[Start of section]

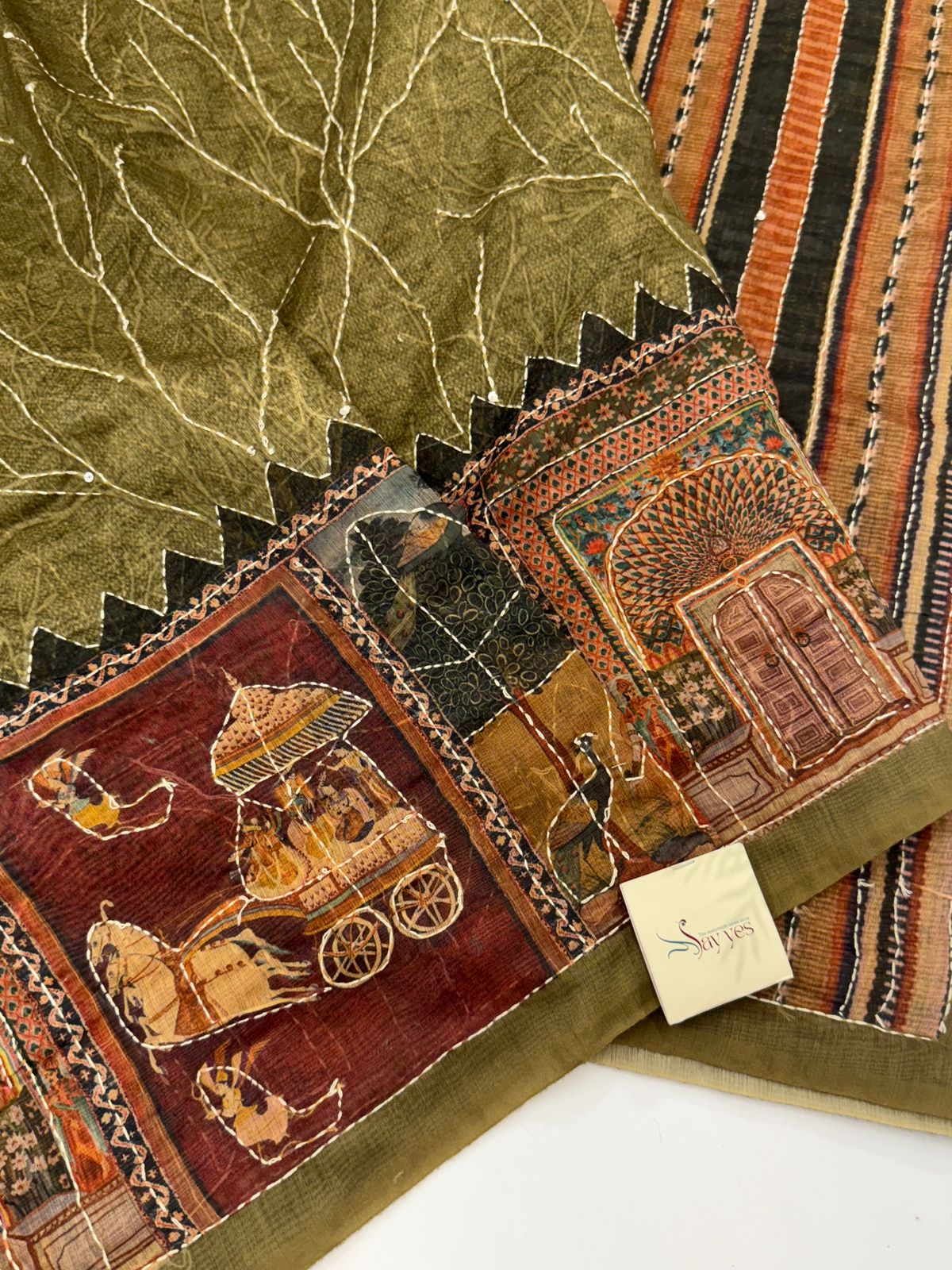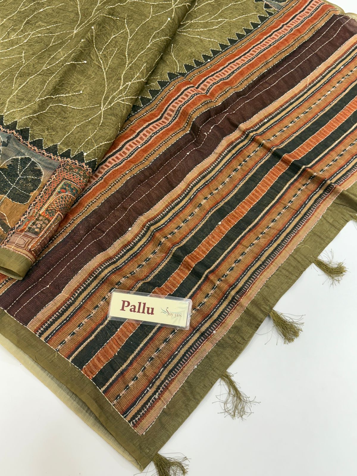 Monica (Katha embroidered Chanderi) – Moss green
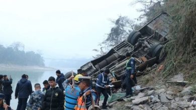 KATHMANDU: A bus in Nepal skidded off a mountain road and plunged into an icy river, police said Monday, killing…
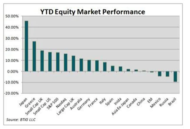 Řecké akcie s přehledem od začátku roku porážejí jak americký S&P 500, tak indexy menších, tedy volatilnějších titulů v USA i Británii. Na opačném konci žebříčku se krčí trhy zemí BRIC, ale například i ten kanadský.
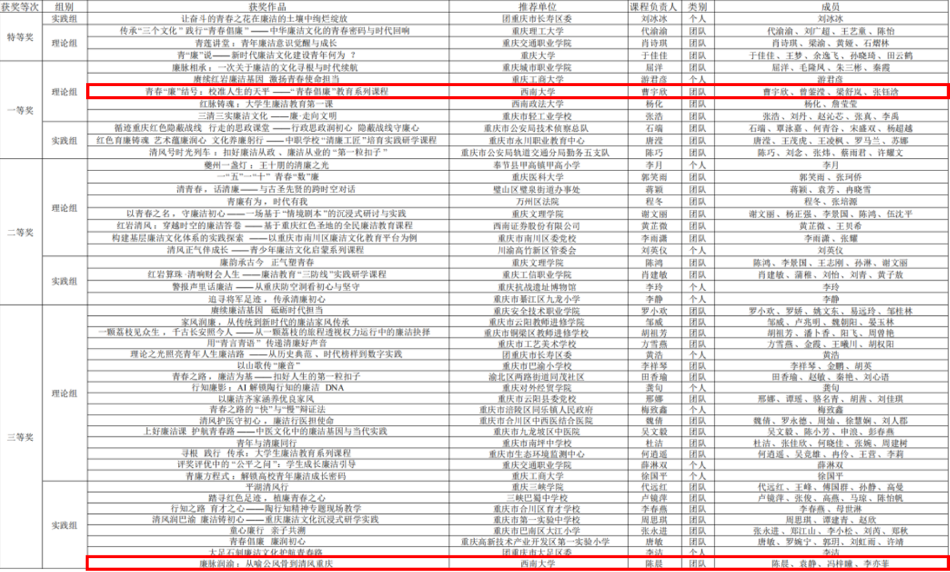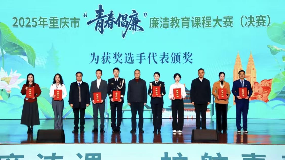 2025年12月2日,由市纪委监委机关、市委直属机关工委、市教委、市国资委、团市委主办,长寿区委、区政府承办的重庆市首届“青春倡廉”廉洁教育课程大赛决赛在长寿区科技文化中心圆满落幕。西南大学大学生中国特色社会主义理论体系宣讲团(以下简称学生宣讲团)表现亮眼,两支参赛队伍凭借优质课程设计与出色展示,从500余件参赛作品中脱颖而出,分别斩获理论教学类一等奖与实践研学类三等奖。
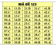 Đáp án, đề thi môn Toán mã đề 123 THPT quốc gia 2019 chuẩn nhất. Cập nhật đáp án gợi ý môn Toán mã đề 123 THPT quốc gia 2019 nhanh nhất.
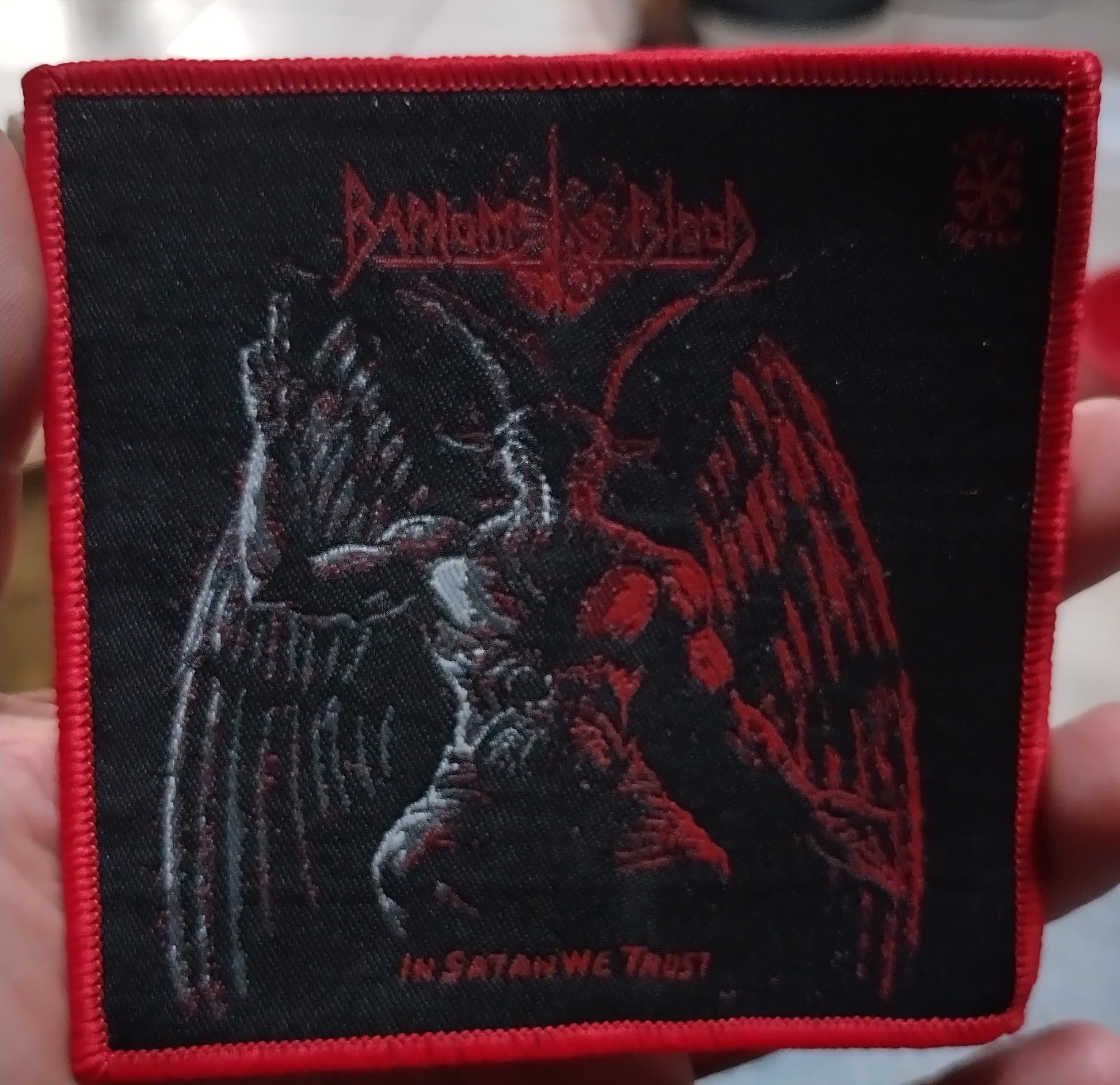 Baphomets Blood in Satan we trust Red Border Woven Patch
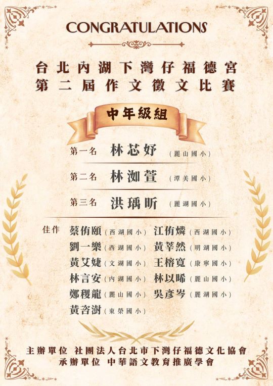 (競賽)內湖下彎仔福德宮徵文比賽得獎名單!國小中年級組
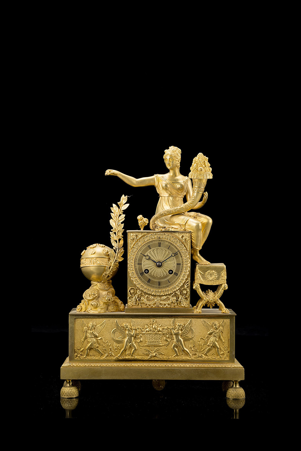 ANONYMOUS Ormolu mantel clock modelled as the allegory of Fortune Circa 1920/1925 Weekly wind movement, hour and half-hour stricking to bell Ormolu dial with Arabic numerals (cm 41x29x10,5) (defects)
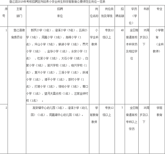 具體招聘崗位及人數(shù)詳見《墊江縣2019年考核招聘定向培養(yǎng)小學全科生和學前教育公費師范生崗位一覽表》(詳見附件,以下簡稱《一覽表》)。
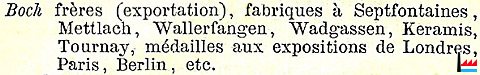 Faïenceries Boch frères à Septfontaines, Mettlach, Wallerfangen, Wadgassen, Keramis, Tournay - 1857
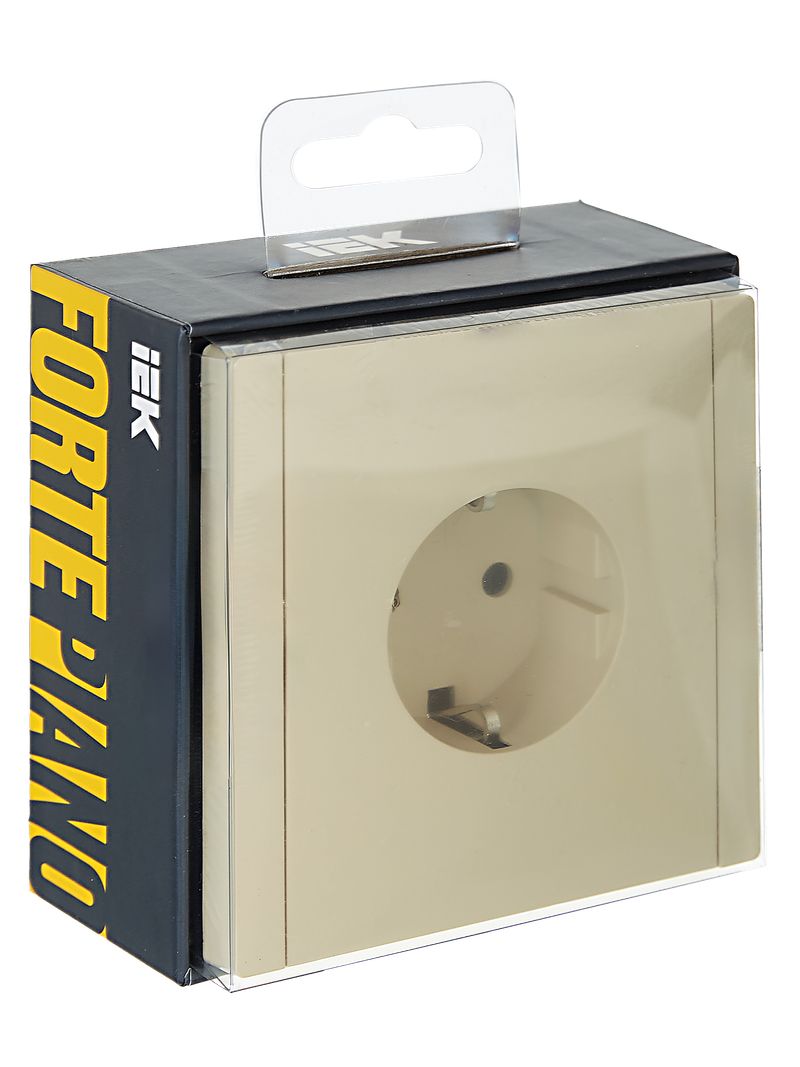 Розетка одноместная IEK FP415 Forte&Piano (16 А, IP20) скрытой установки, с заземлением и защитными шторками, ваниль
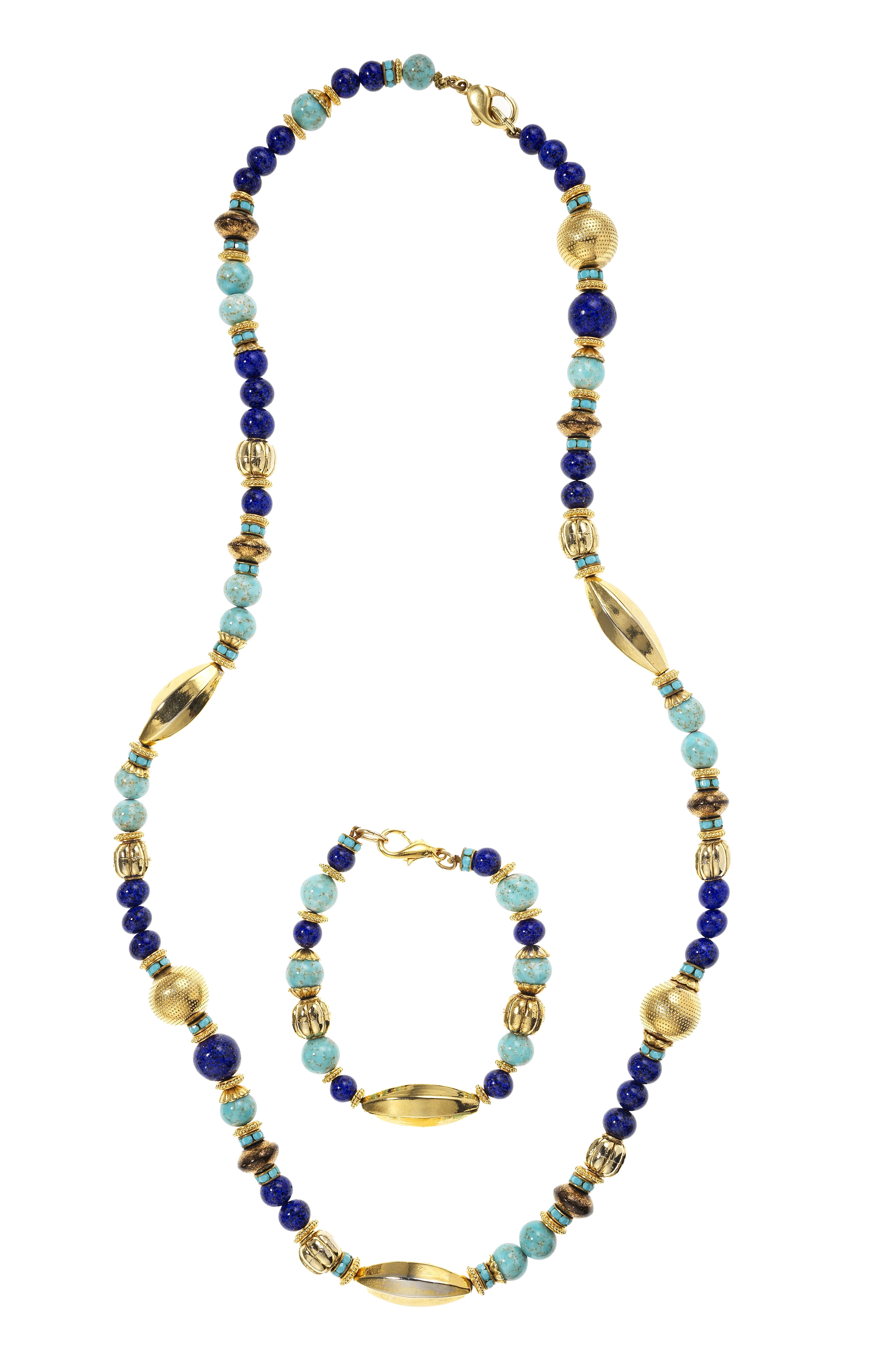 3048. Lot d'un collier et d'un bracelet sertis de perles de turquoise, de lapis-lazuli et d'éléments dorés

[End of section]

◆ **Task prompt**
Exact copies of the lines from the one containing "具體招聘崗位及人數(shù)" through the end of the records above are required, with no pictures among them.

◆ **Output below**
 具體招聘崗位及人數(shù)詳見《墊江縣2019年考核招聘定向培養(yǎng)小學全科生和學前教育公費師范生崗位一覽表》(詳見附件,以下簡稱《一覽表》)。
 Faïenceries Boch frères à Septfontaines, Mettlach, Wallerfangen, Wadgassen, Keramis, Tournay - 1857
 Розетка одноместная IEK FP415 Forte&Piano (16 А, IP20) скрытой установки, с заземлением и защитными шторками, ваниль
 3048. Lot d'un collier et d'un bracelet sertis de perles de turquoise, de lapis-lazuli et d'éléments dorés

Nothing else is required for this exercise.